Я не была ленивой, просто неспособной. Не всем же быть способными, такими, как Антон Пугачев.

Антон жил в соседней квартире. Сперва мы ходили с Антоном в один и тот же детский сад, потом вместе поступили в школу, учились в одном классе. Нас считали друзьями, и мы с ним дружили, хотя и часто ссорились, но потом все равно снова мирились.

Я училась по математике лучше его. Зато он был то, что называется, музыкально одаренным. Это первая заметила моя мама еще три года тому назад. Мы сидели как-то с Антоном в саду на скамейке, и я заставляла его решать задачи по математике. Через два дня предстояла письменная, и надо было хотя бы немного поупражняться решать задачи.

Я писала условия задачи, а он зевал и смотрел куда-то в сторону и все время напевал что-то про себя.

Я сказала:

— Ты бы лучше не пел, а поглядел, что я пишу.

— Мне хочется петь, — ответил он.

— Тогда идем в дом, — сказала я. — Может быть, дома перестанешь петь.

Он послушался, и мы пошли к нам. А моя мама сидела за роялем, что-то играла. И Антон подошел к роялю и весь застыл, глядя на мамины руки.
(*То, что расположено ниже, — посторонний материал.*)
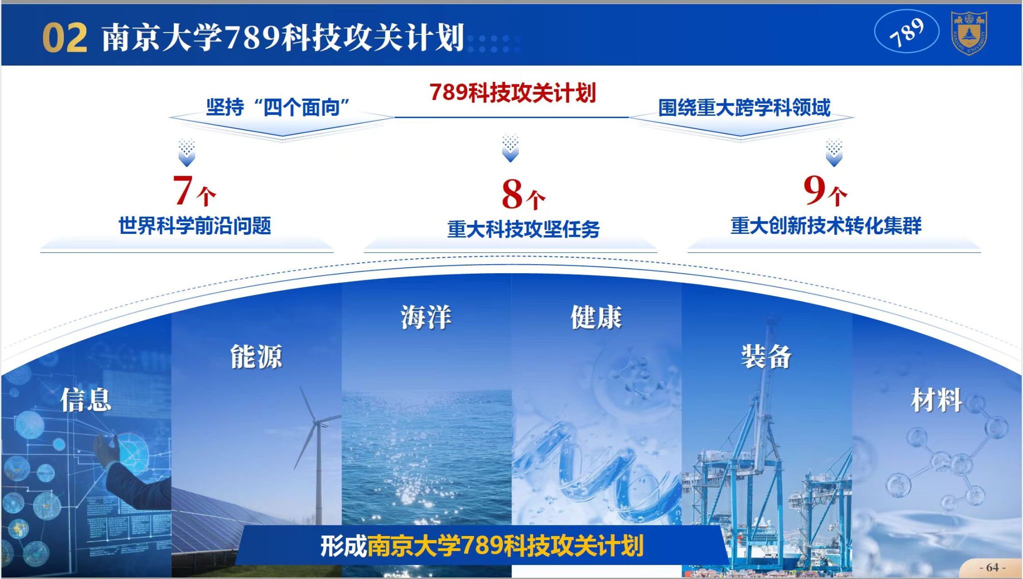 The conference announced the "Nanjing University 789 Science and Technology Research Program." This program focuses on the "15th Five-Year Plan," targeting the world's technological frontiers, the main economic areas, major national needs, and people's health, forming "7 world scientific frontier issues, 8 major technological tasks, and 9 major innovative technology transformation clusters." The plan aims to comprehensively enhance NJU's technological innovation efficiency, continuously deepen reforms in the scientific and technological innovation system and mechanism, strengthen organized research capabilities, concentrate on the research of a number of world scientific frontier issues, undertake a number of major technological tackling tasks, and build a number of major innovative technology transformation clusters, so as to effectively serve national development needs, contribute to high-level technological self-reliance, and accelerate the realization of the overall goal of building a world-class NJU with Chinese characteristics.

— Ну как? — спросила его мама. — Тебе нравится то, что я играю?

— Не очень, — сказал Антон. — Вот вчера вы играли что-то очень хорошее.

— Что же? Напомни.

— Я не знаю, как это называется, я лучше спою.
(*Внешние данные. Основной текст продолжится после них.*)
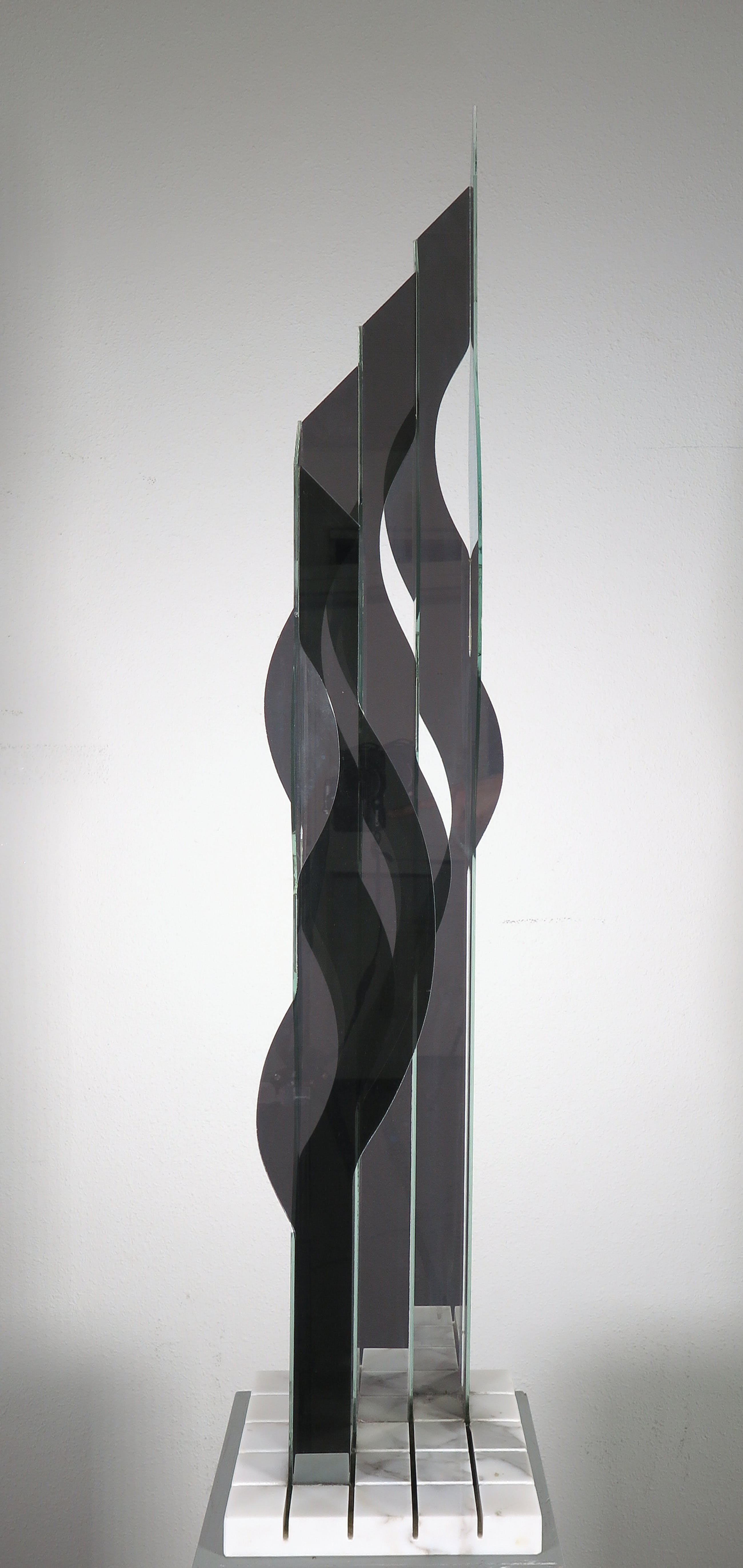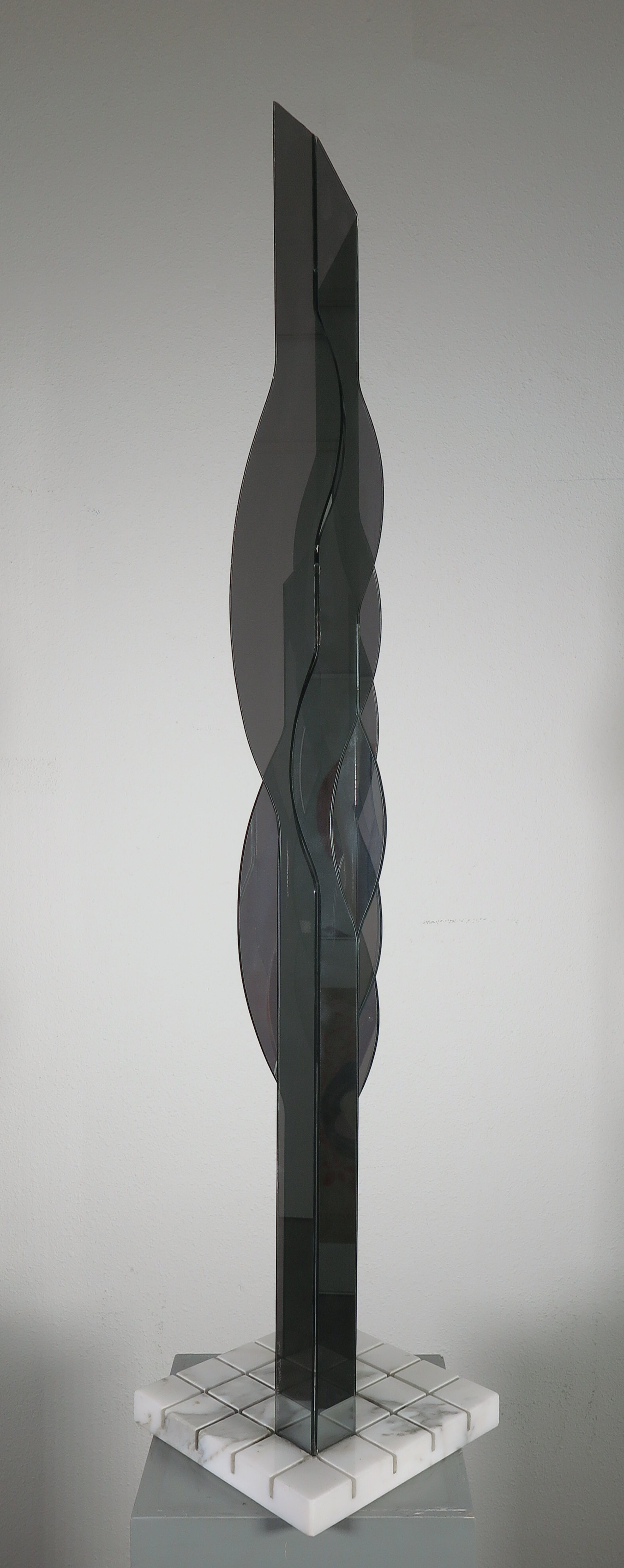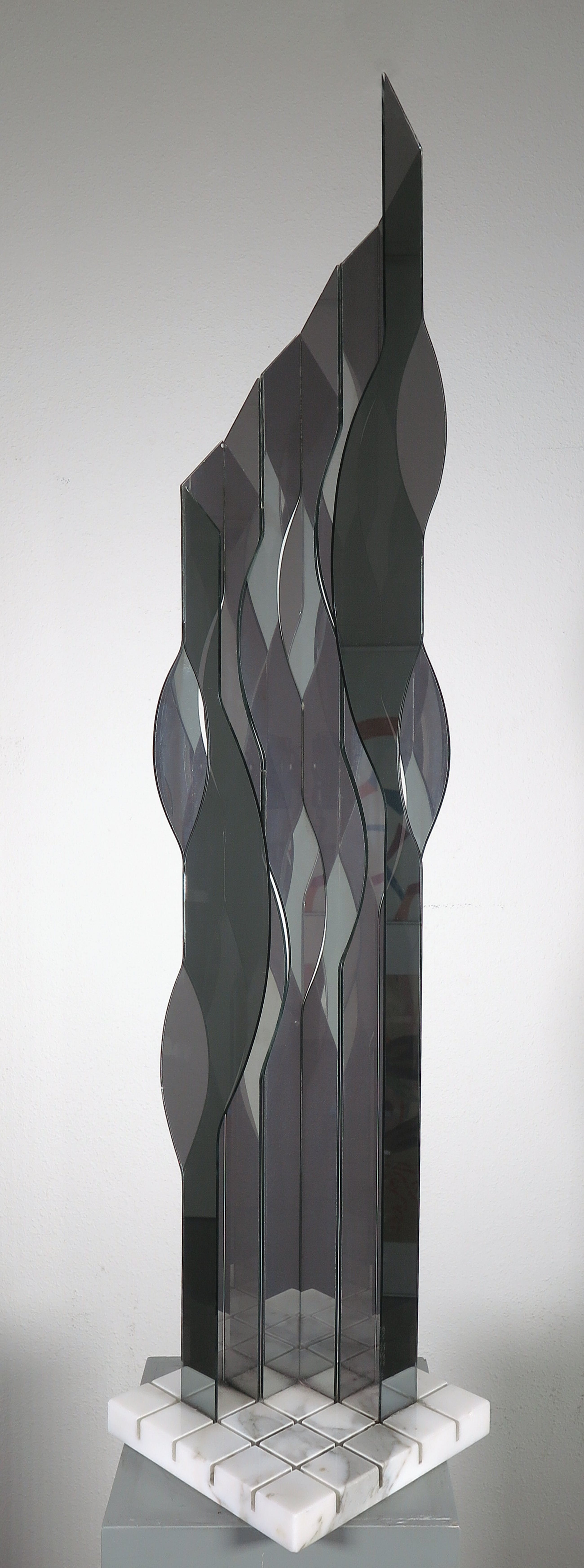 Groot object opgebouwd uit semi-doorzichtig gespiegeld glas, op een marmeren basement. Het werk is getiteld 'Modula III'.

И Антон стал петь, и я увидела — мамины глаза вдруг расширились, а брови поползли вверх.

— Вот это да! — сказала мама. — Ведь все верно с начала до конца. А ты знаешь, как называется то, что ты пел?

— Нет, не знаю.

— «Патетическая соната» Бетховена.

— «Патетическая соната» Бетховена, — повторил Антон.

— Спой еще что-нибудь, — попросила мама.

— А что вы хотите?

— Что ты еще запомнил из того, что я играю?

Антон подумал и сказал:

— Может, вот это?

И опять запел, и пел долго, должно быть, целых пять минут, и мама сказала:

— Вот это слух! Ведь ты же спел «Балладу» Шопена.

Посмотрела на меня, словно я в чем-то виновата.

— Был бы у тебя такой слух!

А я сказала:

— И без слуха жить можно.

С того дня мама решила учить Антона музыке.

Антон жил вдвоем со своей мамой. Она работала медсестрой в Боткинской больнице, и у нее было странное имя: Зиновия. Не Зинаида, а Зиновия Семеновна. Она была худенькая, светловолосая, на вид слабенькая, и только руки у нее казались очень крепкими, сильными. Когда я смотрела на ее руки, мне представлялось, что она заняла их у кого-то куда более рослого и сильного, чем она сама.

Антон был похож на свою маму: те же серые, в чуть припухших веках глаза, широкие брови и нервный, большой рот, который у него немного кривился, когда он разговаривал.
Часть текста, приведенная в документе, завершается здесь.